- Directed by: Josef Rusnak
- Screenplay by: Gregory Gieras
- Produced by: Steven Paul
- Starring: Jon Voight; Teri Polo; Dermot Mulroney;
- Cinematography: Eric Maddison
- Edited by: David Checel
- Music by: Mario Grigorov
- Release date: 30 January 2012 (United Kingdom);
- Running time: 90 minutes
- Country: United States
- Language: English

= Beyond (2012 film) =

Beyond is a 2012 psychological thriller film starring Jon Voight, Teri Polo, and Dermot Mulroney.

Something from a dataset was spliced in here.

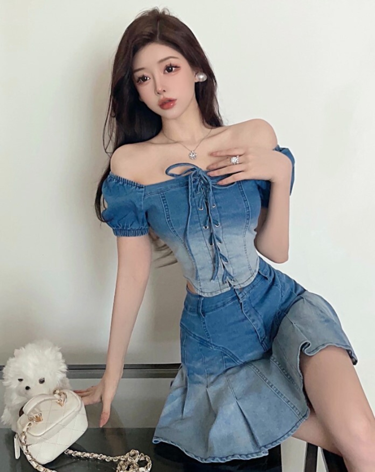 セットアップ ツーピース デニム レディース 2WAY オフショルダー ミニ丈 ショート丈 プリーツ ガーリー グラデーション カジュアル ブルー ab2600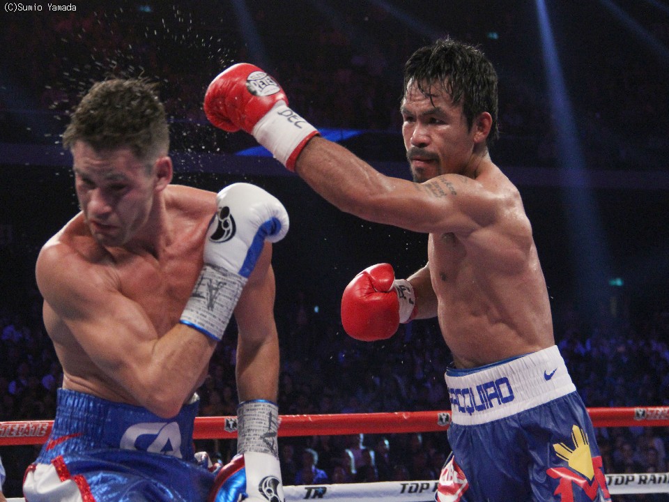 今回の試合に備えパッキャオは3月初旬からロサンゼルスのワイルドカードジムでトレーニングを積んできた。ラスベガスまでは約400キロ、車だと5時間前後かかる。なお、試合前日の5月1日にはMGMグランドガーデン・アリーナで計量が行われるが、一般客にも10ドル(約1200円)で公開されることになっている。このチケットにも200ドル(約2万4000円)から700ドル(約8万4000円)のプレミアがついているというから驚きだ。

The film, directed by Josef Rusnak, was shot entirely on location in Anchorage, Alaska.

==Plot==
A detective searching for a missing child is approached by a radio psychic who claims to be able to see visions through the child's eyes.

==Cast==
- Jon Voight as Detective Jon Koski
- Teri Polo as Sarah Noble
- Ben Crowley as Jim Noble
- Chloe Lesslie as Amy Noble
- Dermot Mulroney as Officer Jack Musker
- Julian Morris as Farley Connors
- Skyler Shaye as Megan
- Brett Baker as Gavin

==Release==
The film was released directly to DVD in the UK on 30 Jan 2012, Germany on 30 Mar 2012, and the US on 22 May 2012.

==Reception==
Chris Holt of Starburst rated it 5/10 stars and wrote, "...no matter how entertaining it may be, nobody would ever be convinced it had a chance in cinemas". Tyler Foster of DVD Talk rated it 2/5 stars and wrote, "Even though it doesn't make any serious mistakes or missteps, there's also nothing special about it; this is assembly-line entertainment to its very core." Gordon Sullivan of DVD Verdict described it as "just another by-the-numbers thriller" but recommended it to fans of Voight.